I put a constraint in the type of a function's argument instead of putting in the function's type.
I thought this would either give a syntax error or add more information to the type of the function.
But it looks like the constraint is completely ignored.
{-# LANGUAGE ScopedTypeVariables #-}
{-# LANGUAGE RankNTypes #-}
test :: a -> String
test (n :: (Num a, Ord a) => a) =
if n > 10 then "Hello"
else "World"
main = print "Hello World"
This gives the following type error:
Test3.hs:6:8: error:
• No instance for (Num a) arising from a use of ‘n’
Possible fix:
add (Num a) to the context of
the type signature for:
test :: forall a. a -> String
• In the first argument of ‘(>)’, namely ‘n’
In the expression: n > 10
In the expression: if n > 10 then "Hello" else "World"
|
6 | if n > 10 then "Hello"
| ^
Test3.hs:6:8: error:
• No instance for (Ord a) arising from a use of ‘>’
Possible fix:
add (Ord a) to the context of
the type signature for:
test :: forall a. a -> String
• In the expression: n > 10
In the expression: if n > 10 then "Hello" else "World"
In an equation for ‘test’:
test (n :: (Num a, Ord a) => a)
= if n > 10 then "Hello" else "World"
|
6 | if n > 10 then "Hello"
|
What does putting a constraint in the the argument's type actually do?
EDIT:
Why does this need RankNTypes extension?
It is not needed if I remove (Num a, Ord a) => constraint.
This is a rather exotic instance of polymorphic subsumption, as described here, interacting with constraint subsumption.
If a type a subsumes b, then exp :: a implies exp :: b in the surface language.

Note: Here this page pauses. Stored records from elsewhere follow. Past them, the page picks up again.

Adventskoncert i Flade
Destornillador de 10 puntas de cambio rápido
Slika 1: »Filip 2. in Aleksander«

A particular example of subsumption is that f :: forall a. a -> a implies f :: Int -> Int. Also, we have n :: Int implies n :: c => Int for any c constraint.

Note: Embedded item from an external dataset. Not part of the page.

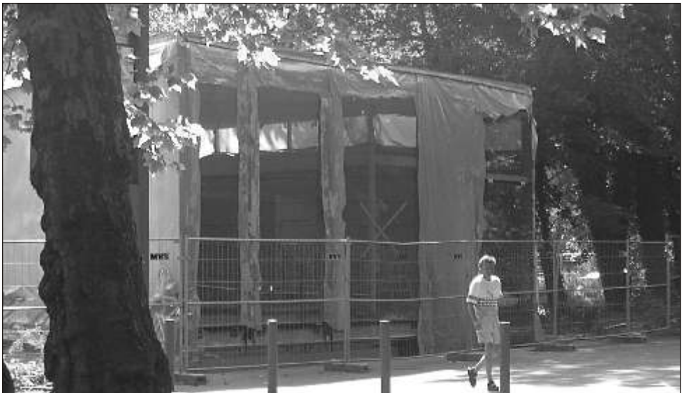
Der Rohbau wartet auf den Ausbau des Innenraumes

wurde im November 2003 begonnen und sollte im September 2004 fertiggestellt sein. Mit dem Richtfest wurde eine weitere Etappe in Bezug auf den zweiten Bauabschnitt der „Galerie für zeitgenössische Kunst“ genommen. Ein Neubau war von Anfang an geplant, seine Realisierung blieb aber bis Ende 2001 ungeklärt. Erst durch eine einzigartige gemeinsame Initiative des Freistaates Sachsen, der

However, in the core language there is no subsumption at all. Every case of subsumption in the surface language must be translated to explicit lambdas and applications. Also, c => a simply becomes c -> a, and usage of constrained functions is translated to simple function application of f :: c => a to some inst :: c. Hence, f :: forall a. a -> a becomes f @Int :: Int -> Int, and
n :: Int becomes \_ -> n :: c -> Int.
A rarely used case is the contravariant subsumption rule for functions. The following is valid code:
f :: (Int -> Int) -> Bool
f _ = True
g :: (forall a. a -> a) -> Bool
g = f
This is translated to
f :: (Int -> Int) -> Bool
f = \_ -> True
g :: (forall a. a -> a) -> Bool
g = \x -> f (x @Int)
It works similarly with constraint subsumption:
f :: forall a. (Eq a => a) -> Bool
f _ = True
g :: forall a . a -> Bool
g = f
Which is translated to
f :: forall a. (Eq a -> a) -> Bool
f = \_ -> True
g :: forall a . a -> Bool
g = \x -> f (\_ -> x)
Getting closer to the original question, if we have
f (x :: Eq a => a) = True
as a top definition, its inferred type is forall a. (Eq a => a) -> Bool. However, we can have any type annotation for f which is subsumed by the inferred type! So we may have:
f :: forall a. a -> Bool
f (x :: Eq a => a) = True
And GHC is still happy. The original code
test :: a -> String
test (n :: (Num a, Ord a) => a) =
if n > 10 then "Hello"
else "World"
is equivalent to the slightly clearer following version:
test :: forall a. a -> String
test (n :: (Num a, Ord a) => a) =
if n > 10 then "Hello"
else "World"
The type error which you get is simply because n is really a function with two arguments, one has type Num a and the other Ord a, and both of these arguments
are records containing Num and Ord methods. However, since there are no such instances in scope in the definition, you cannot use n as a number. The translation would convert n > 10 to (>) inst (n inst) (10 inst), where inst :: Num a, but there is no such inst, so we cannot translate.
Hence, in the body of test the code is still checked with n :: (Num a, Ord a) => a). However, if we just return "Hello" without using n, then similarly to the previous f case, we get an inferred type which subsumes the forall a. a -> String annotation type. The subsumption is then realized in the translation output by replacing every occurrence of n in the body of test with \_ -> n. But since n does not occur in the body, the translation does not do anything here.